**Exercise material**
== Segment start ==

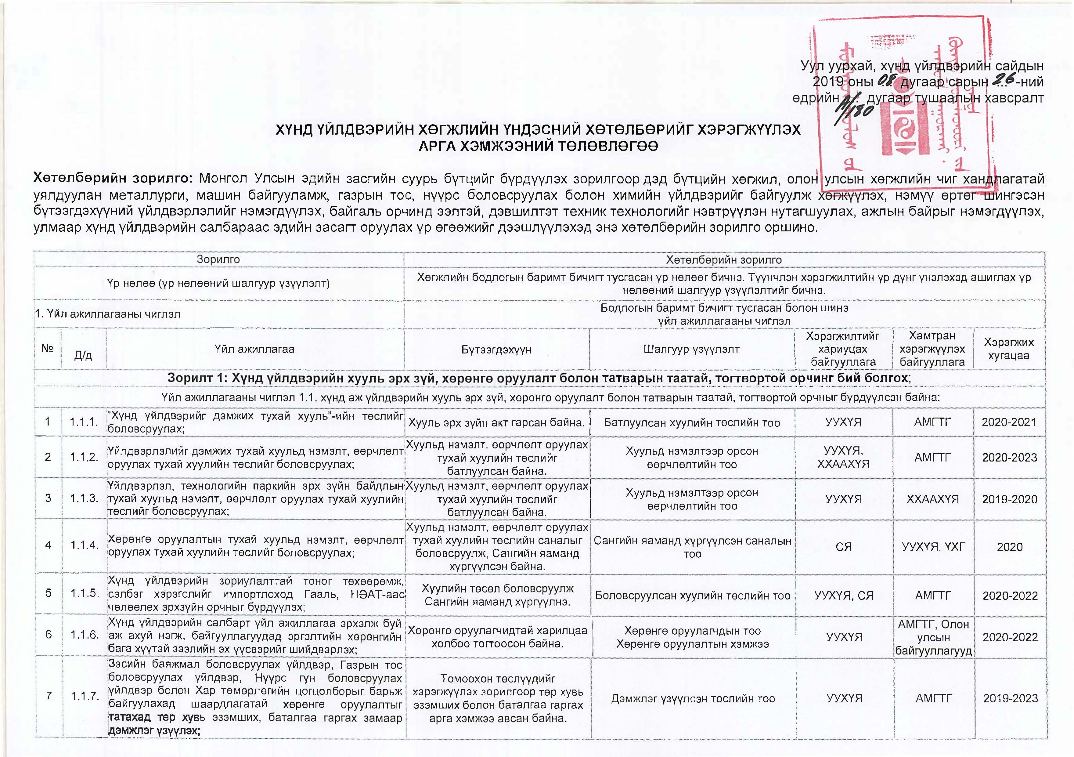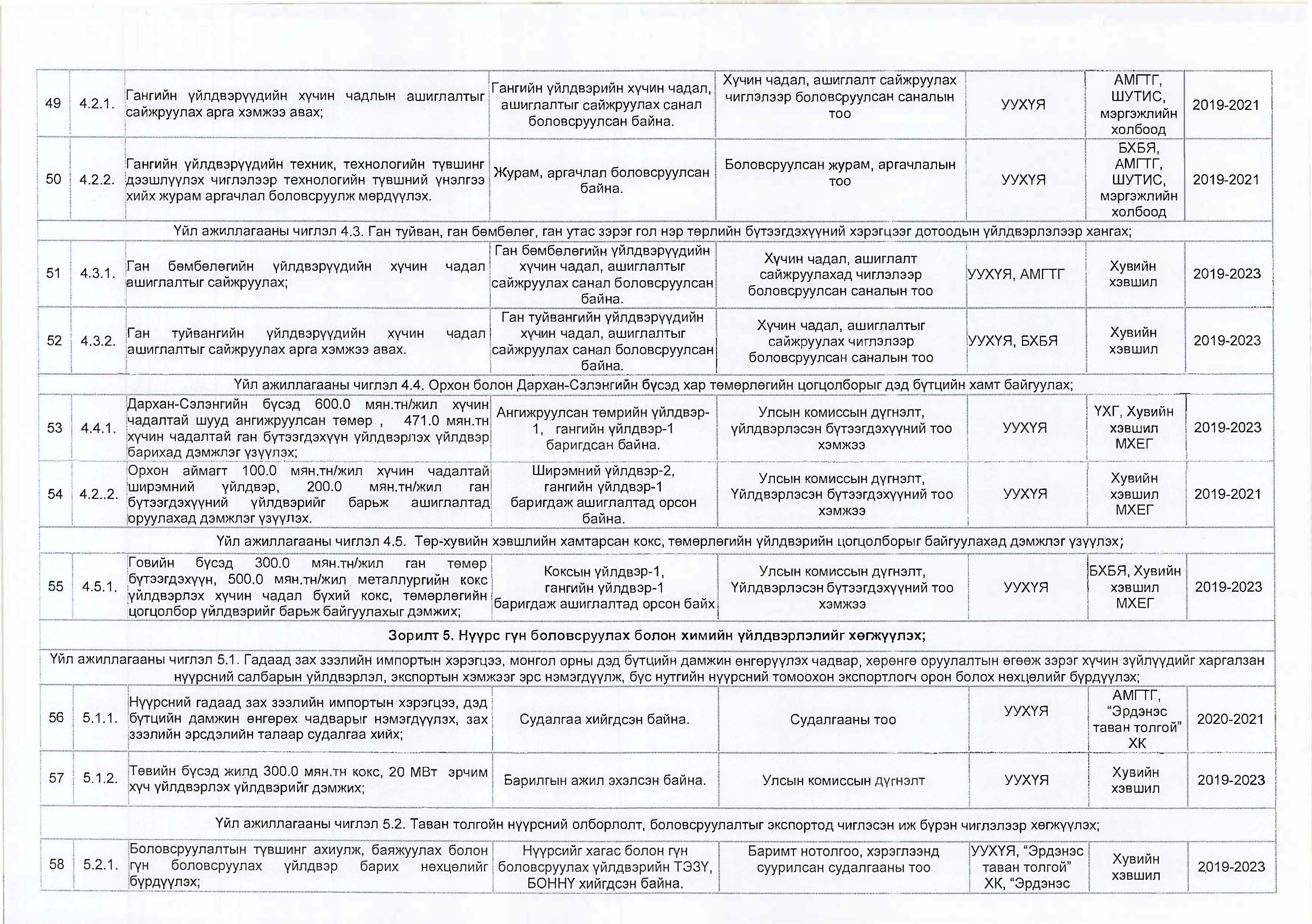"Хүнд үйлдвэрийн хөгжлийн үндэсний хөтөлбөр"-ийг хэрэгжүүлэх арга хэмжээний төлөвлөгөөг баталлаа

== Segment end ==
== Segment start ==

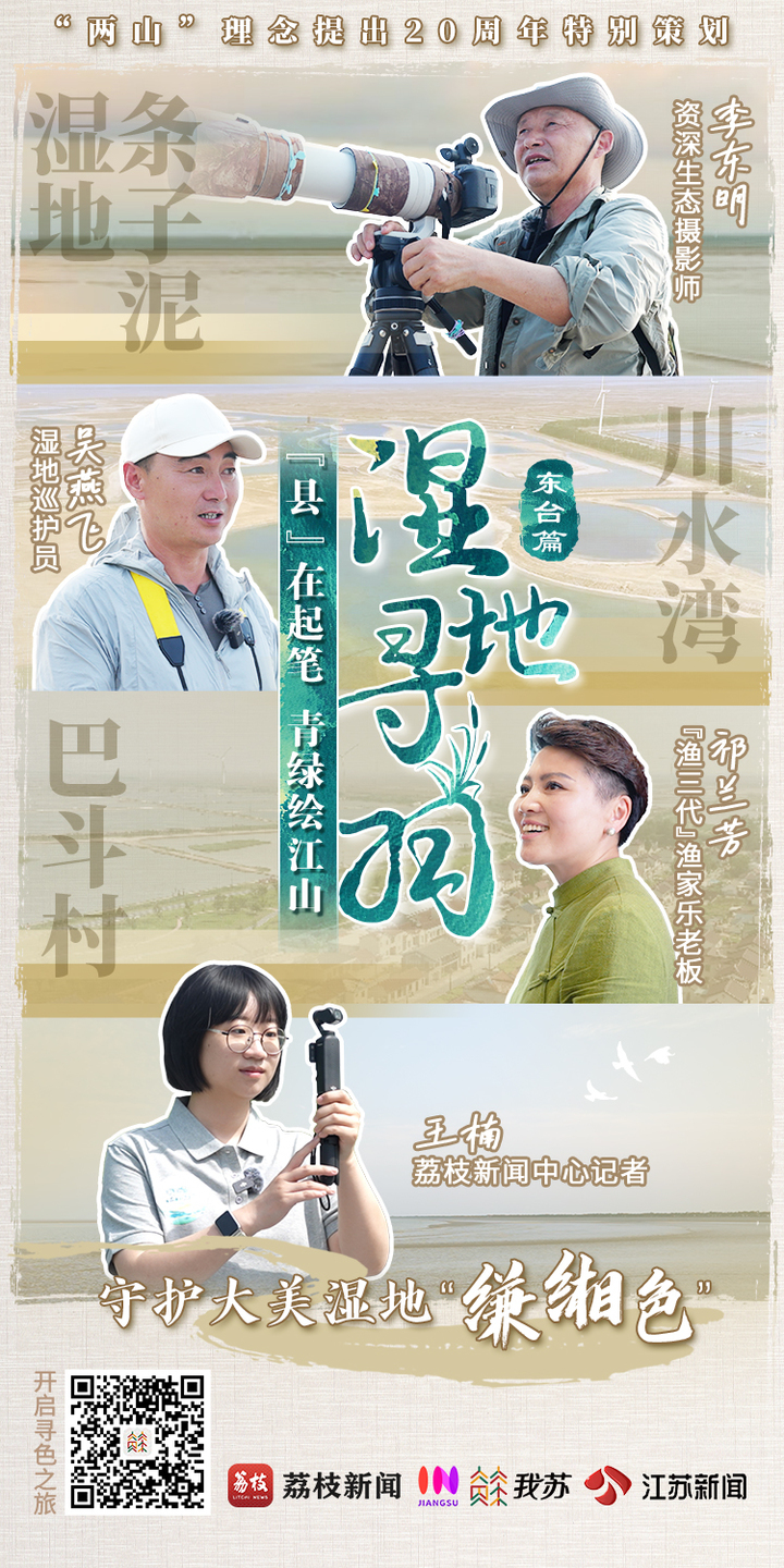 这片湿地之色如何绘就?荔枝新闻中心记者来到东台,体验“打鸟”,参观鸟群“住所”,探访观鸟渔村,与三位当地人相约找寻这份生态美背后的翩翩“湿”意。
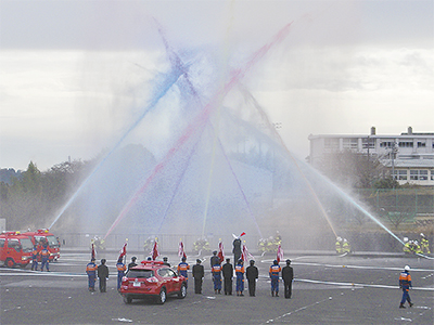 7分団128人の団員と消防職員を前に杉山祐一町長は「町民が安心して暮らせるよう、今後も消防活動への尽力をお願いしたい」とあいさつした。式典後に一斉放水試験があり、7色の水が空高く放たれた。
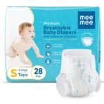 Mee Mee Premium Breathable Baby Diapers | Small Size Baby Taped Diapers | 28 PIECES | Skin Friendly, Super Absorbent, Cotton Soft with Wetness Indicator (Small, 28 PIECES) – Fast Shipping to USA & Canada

== Segment end ==
== Segment start ==

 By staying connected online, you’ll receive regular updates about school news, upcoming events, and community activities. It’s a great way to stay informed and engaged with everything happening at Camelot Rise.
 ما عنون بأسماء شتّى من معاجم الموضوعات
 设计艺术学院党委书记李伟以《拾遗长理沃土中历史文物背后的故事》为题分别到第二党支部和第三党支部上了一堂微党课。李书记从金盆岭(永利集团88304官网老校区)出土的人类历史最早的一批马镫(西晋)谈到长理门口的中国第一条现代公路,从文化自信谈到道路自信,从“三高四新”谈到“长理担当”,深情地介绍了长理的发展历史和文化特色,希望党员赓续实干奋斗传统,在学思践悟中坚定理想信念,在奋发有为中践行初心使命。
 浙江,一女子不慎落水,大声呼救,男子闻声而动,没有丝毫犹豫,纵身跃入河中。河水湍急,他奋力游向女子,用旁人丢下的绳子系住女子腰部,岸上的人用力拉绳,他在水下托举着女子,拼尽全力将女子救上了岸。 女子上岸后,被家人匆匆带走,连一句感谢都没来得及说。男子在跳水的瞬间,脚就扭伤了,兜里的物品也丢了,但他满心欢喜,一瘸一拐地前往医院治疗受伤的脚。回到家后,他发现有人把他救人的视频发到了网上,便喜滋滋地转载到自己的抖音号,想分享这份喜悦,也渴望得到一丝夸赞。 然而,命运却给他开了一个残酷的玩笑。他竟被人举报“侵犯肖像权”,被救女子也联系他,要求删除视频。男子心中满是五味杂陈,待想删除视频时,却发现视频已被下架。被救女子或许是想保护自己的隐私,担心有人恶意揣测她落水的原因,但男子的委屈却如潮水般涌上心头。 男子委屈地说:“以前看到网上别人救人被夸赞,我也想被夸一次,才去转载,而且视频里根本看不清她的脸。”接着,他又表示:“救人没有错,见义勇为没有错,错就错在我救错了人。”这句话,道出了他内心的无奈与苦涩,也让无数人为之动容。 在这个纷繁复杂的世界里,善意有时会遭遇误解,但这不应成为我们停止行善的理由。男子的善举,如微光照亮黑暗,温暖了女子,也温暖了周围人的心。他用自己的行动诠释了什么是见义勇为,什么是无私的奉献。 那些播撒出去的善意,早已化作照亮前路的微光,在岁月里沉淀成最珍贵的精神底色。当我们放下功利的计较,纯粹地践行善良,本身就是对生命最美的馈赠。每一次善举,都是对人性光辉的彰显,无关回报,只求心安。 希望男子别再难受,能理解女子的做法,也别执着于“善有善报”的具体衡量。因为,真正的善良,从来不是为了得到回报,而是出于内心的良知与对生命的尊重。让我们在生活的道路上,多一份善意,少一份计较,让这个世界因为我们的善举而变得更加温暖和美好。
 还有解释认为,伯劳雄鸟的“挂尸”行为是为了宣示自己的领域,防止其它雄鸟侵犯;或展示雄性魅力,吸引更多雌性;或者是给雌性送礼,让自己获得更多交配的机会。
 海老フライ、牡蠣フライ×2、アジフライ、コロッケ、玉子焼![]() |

== Segment end ==

**Instructions for the task**
Transcribe each line of the data above, unaltered, from the one where "ما عنون بأسماء شتّى من معاجم الموضوعات" appears to the one where "设计艺术学院党委书记李伟以《" appears, inclusive of both.

**Answer to this problem**
 ما عنون بأسماء شتّى من معاجم الموضوعات
 设计艺术学院党委书记李伟以《拾遗长理沃土中历史文物背后的故事》为题分别到第二党支部和第三党支部上了一堂微党课。李书记从金盆岭(永利集团88304官网老校区)出土的人类历史最早的一批马镫(西晋)谈到长理门口的中国第一条现代公路,从文化自信谈到道路自信,从“三高四新”谈到“长理担当”,深情地介绍了长理的发展历史和文化特色,希望党员赓续实干奋斗传统,在学思践悟中坚定理想信念,在奋发有为中践行初心使命。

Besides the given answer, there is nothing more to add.